Il luogo del ritrovamento era, inoltre, davvero difficile da raggiungere. Gli esperti hanno dovuto compiere un lungo viaggio durato vari giorni, prima di raggiungere la quota in cui si trovavano le cime dei vulcani in un ambiente semi-desertico, povero di risorse e dove anche specie animali solitamente presenti in montagna, come i rapaci, sono rarissime. Dopo aver però individuato il primo individuo, Storz e i suoi compagni di cordata sono saliti ulteriormente, andando oltre i 6.000 metri sul livello del mare e trovando altre sette mummie adagiate sulle rocce.
In totale, hanno così ottenuto 13 topi mummificati ritrovati sulle cime dei vulcani, più numerosi altri resti scheletrici appartenuti ad altri individuo morti anche diversi decenni prima, con l'esemplare più vecchio che secondo le indagini al radiocarbonio risaliva addirittura a oltre 350 anni fa.

Fino a questo momento nessun scienziato sospettava che i roditori potessero sopravvivere a quote così elevate, in particolare la specie che è stata trovata da Storz, conosciuta fino a questo momento per essere tipica degli ecosistemi basali che si trovano alle pendici delle Ande. Il suo nome è un topo dalle orecchie a foglia (Phyllotis vaccarum), roditore appartenente alla famiglia Cricetidae e endemico delle Ande.

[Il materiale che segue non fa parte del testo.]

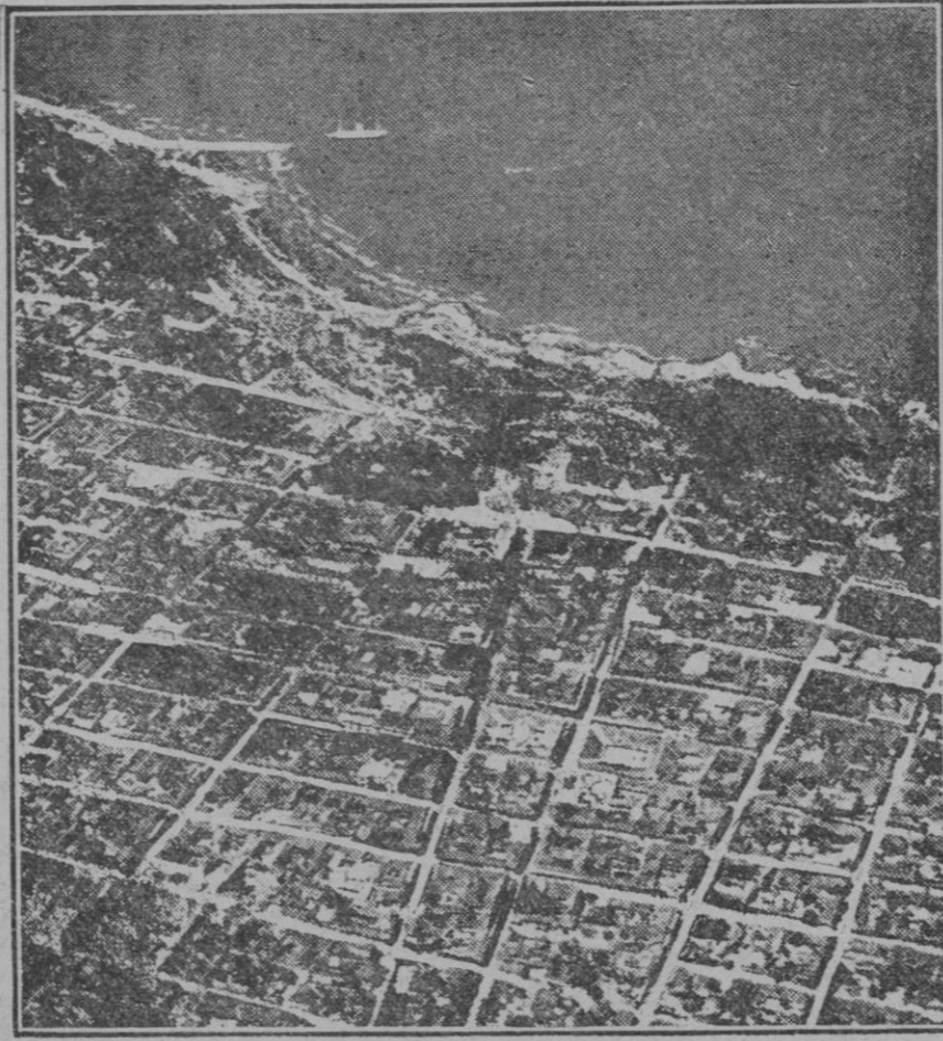
MANAGUA.—Managua capital, de Nicaragua, que ha sido destruida como se sabe por un espantoso terremoto estos días

Es una obra marcada en el plano de Ensanche, es un proyecto cuya realización ha sido intentada en diversas ocasiones por la Corporación Municipal, y cuyo aplazamiento es causa de molestias, que se evitarían realizando cuanto antes lo que al cabo y al fin se habrá de realizar.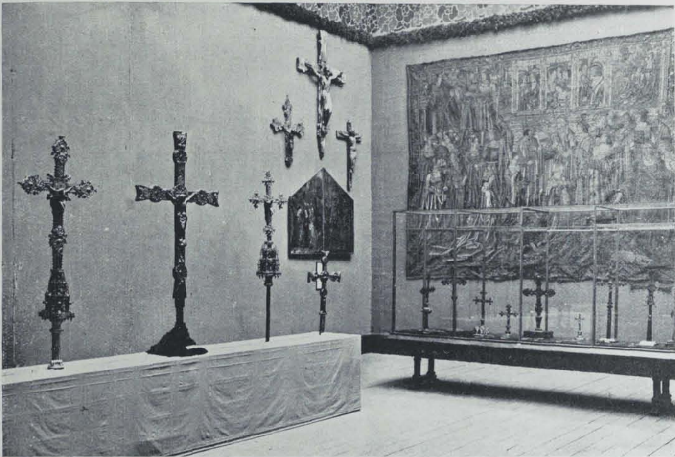
Fig. 246. — Una sala de l'Exposició de Creus

guts en un arxiu determinat. Index analític d'alguna obra o font d'interès per a l'estudi de l'Art Cristià a Catalunya.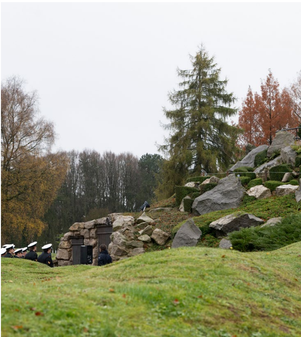
Le monument de Gallipoli, inauguré en 2021, est le sixième et dernier monument construit dans le cadre de la série du Sentier du Caribou.

Questa scoperta è ovviamente destinata a cambiare completamente le conoscenze acquisite sugli ecosistemi andini e sulle capacità fisiche di questi piccoli mammiferi, in grado quindi di colonizzare anche le aree più impervie e difficili del Pianeta. Tra le domande che si sono sollevate tra i naturalisti ce sono però alcune che riguardano anche l'esplorazione spaziale. Come hanno fatto queste popolazioni di mammiferi a sopravvivere in un luogo così povero di risorse e costantemente a condizioni così estreme? Come hanno fatto, inoltre, a crescere la prole quando l'aria respirabile a quelle quote contiene circa la metà dell’ossigeno presente invece al livello del mare e si è esposti a una concentrazione molto alta di radiazioni?
Gli studiosi sono fiduciosi che studiando queste mummie sarà possibile rispondere a queste domande, scoprendo tutti i segreti fisiologici che hanno permesso a questa piccola specie di sopravvivere dove quasi nessuno riesce a farlo. Sperano anche che le informazioni che si riusciranno a ottenere verranno applicate anche alla ricerca aerospaziale: se vogliamo davvero raggiungere Marte o di nuovo la Luna, all'interno delle stazioni potrebbe essere fondamentale comprendere e provare replicare tutti segreti del piccolo Phyllotis vaccarum.